Но зато как он был благодарен тому же Анохину потом, после того, как они благополучно вылезли из этой каши! И он уже не казался теперь ему маленьким упрямым кретином, по вине которого он едва не погиб. Напротив, Анохин в его воображении разросся до размеров богатыря, потому что очень щедр на эпитеты победитель.
Вернувшись в редакцию, они первым делом стали «отписываться», как принято говорить у газетчиков, то есть оформлять материал, принесенный с передовой.
Удивительный был этот вечер! В землянке, как в далекие детские времена, шумела печка. Благоухающее малиновое тепло обволакивало их, а возле печки еще лежали дрова – подкладывай, не ленись. И они разделись до нижних рубашек, по-домашнему. И можно было вволю курить, и желудок не выл от голода – их неплохо подкормил комбат Горюнов.
– Самое главное, товарищ Сойманов, – сказал Анохин, когда они сели к столу, – это заголовок.
Без заголовка статья или очерк – что дзот без амбразуры. Не стреляет. – Он задумался и вдруг улыбнулся: – У нас писатель по этой части мастак. Ох, мастак! Все шапки в газете его. «Бей по фашистам и ночью и днем снайперским точным смертельным огнем!» Вот ведь как сказано!
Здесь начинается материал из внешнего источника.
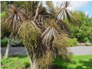
Cordyline australis 'Purpurea'

There are now many forms and varieties of C. australis which are almost as hardy. C. australis 'Albertii' has wonderful green cream and white variegations in its leaves. C. australis 'Purpurea' is smaller growing with brown leaves flushed purple. There are also newer forms with pink margined leaves ('Southern Splendour') and red central veining ('Sundance'). These are definitely more tender and untried even in Cornwall. It may therefore be best to keep them in the greenhouse until more established at least in colder counties.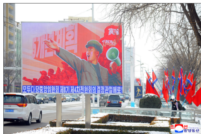
Posters and slogans posted on streets inspire people to carry out the decisions of the Fourth Plenary Meeting of the Eighth Central Committee of the Workers' Party of Korea.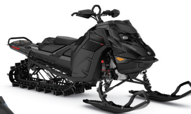
SUMMIT X WITH EXPERT PACKAGE 154 850 E-TEC TURBO R SHOWN

The ultimate precise and predictable deep-snow sled with features sharpened for most technical terrains.

Крупным ученическим почерком Анохин вывел на бумаге:
«Подвиг сержанта Петруничева».
– Как, товарищ Сойманов, пойдет? Может, у вас позабористее что есть?
Александр Дмитриевич пожал плечами. Название, конечно, не из лучших. Попадались ему статейки с подобными названиями. А впрочем, Анохину виднее – у него опыт. И он знает, что нужно газете.
Через каких-нибудь полчаса-час статья была готова – Анохин накатал ее единым духом. И так же единым духом прочитал.
Александр Дмитриевич не знал, что и сказать. В общем это была стандартная безликая корреспонденция строк в сорок, сплошь начиненная штампами: «Несмотря на яростный шквал противника…», «Советские воины поклялись умереть, а не отдать на поругание врагу город Ленина – священную колыбель пролетарской революции…», «С криком “ура”, “За родину, за Сталина” поднялись в атаку…», «Советские бойцы делом отвечают на призыв великого вождя…», «Боевой счет продолжается…» – и ни единого живого слова о самом подвиге!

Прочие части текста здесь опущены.